## What to do
Copy out the lines beginning at the one with "快 50~100 倍 |" and ending at the last line of the data, both included; pictures stay out.

## Data below

Start of Block

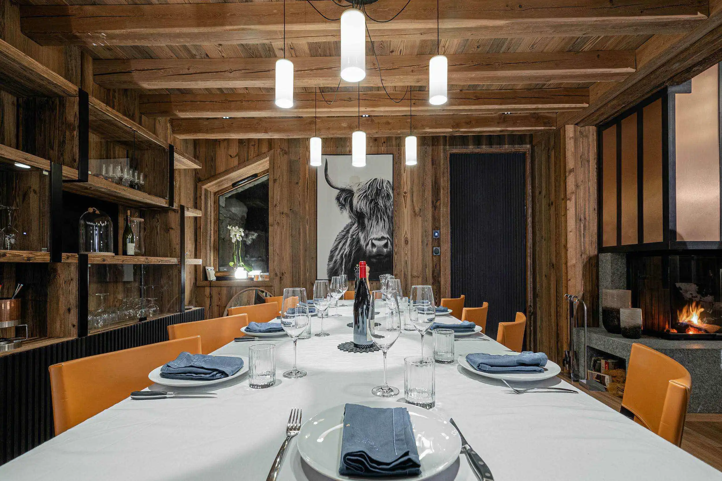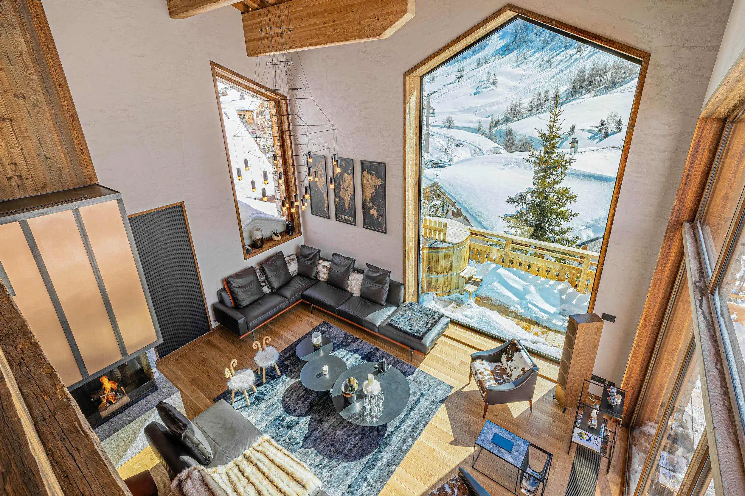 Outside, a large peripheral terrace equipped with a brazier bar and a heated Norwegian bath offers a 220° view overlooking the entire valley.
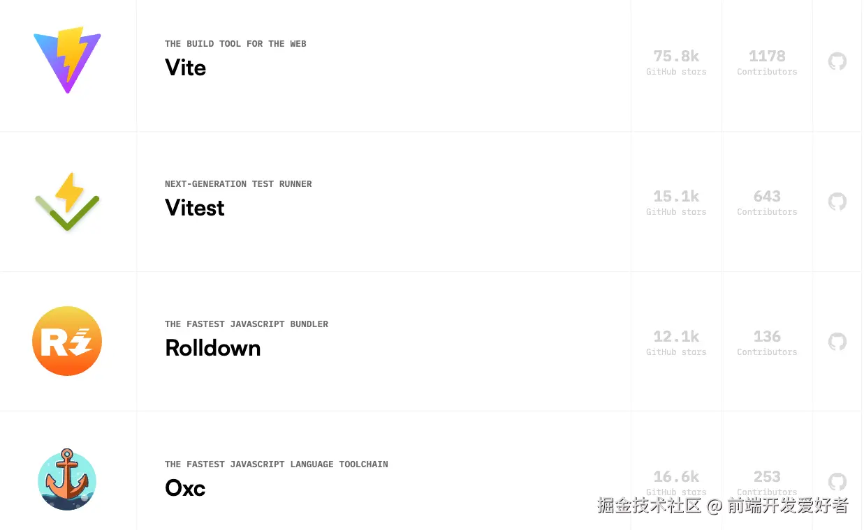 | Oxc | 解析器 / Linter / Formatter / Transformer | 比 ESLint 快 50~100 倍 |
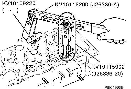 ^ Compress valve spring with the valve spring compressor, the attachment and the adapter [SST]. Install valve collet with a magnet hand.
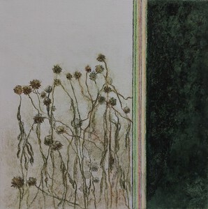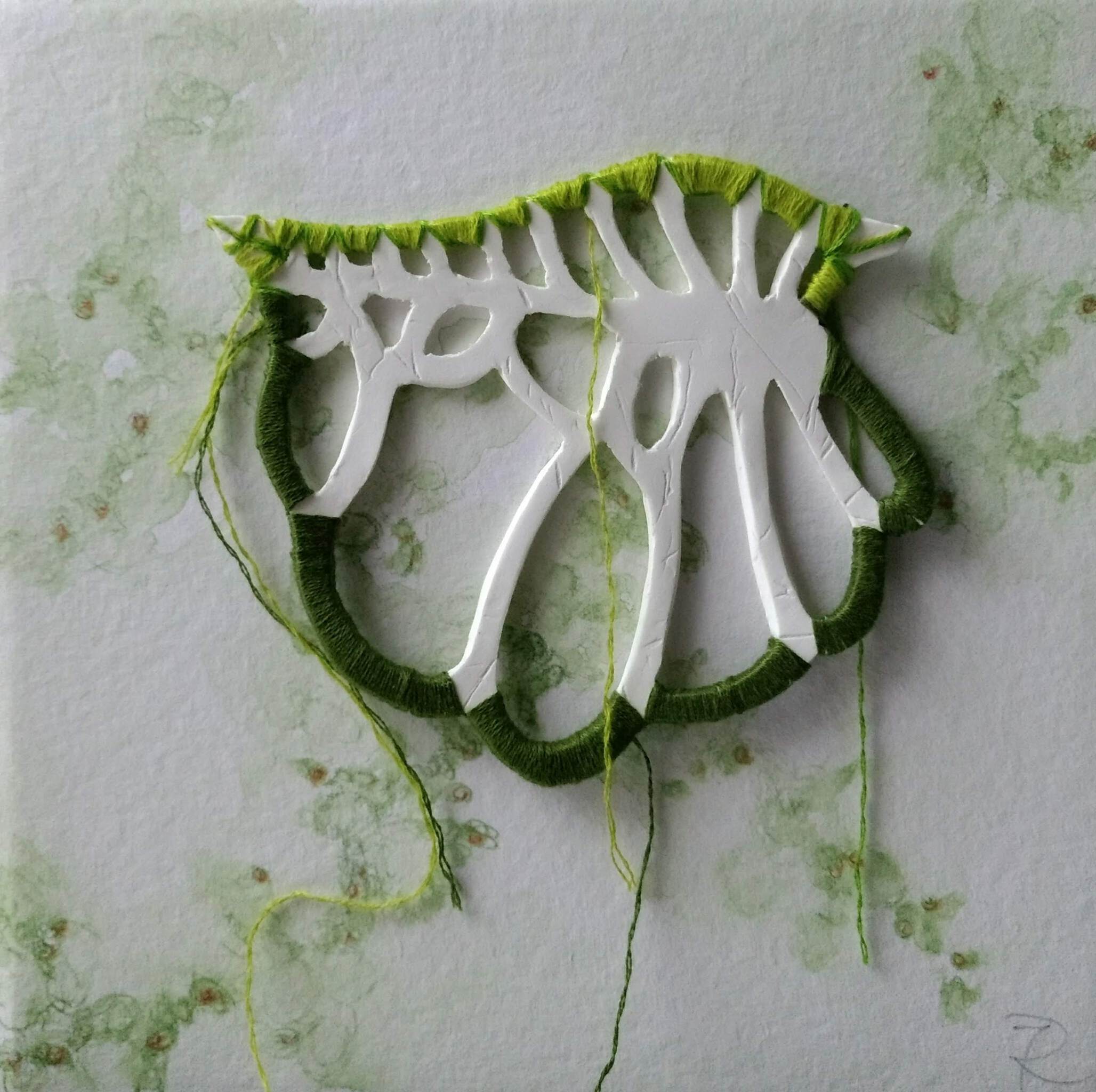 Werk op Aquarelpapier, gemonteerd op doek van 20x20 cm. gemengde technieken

End of Block

## Solution below
 | Oxc | 解析器 / Linter / Formatter / Transformer | 比 ESLint 快 50~100 倍 |
 ^ Compress valve spring with the valve spring compressor, the attachment and the adapter [SST]. Install valve collet with a magnet hand.
 Werk op Aquarelpapier, gemonteerd op doek van 20x20 cm. gemengde technieken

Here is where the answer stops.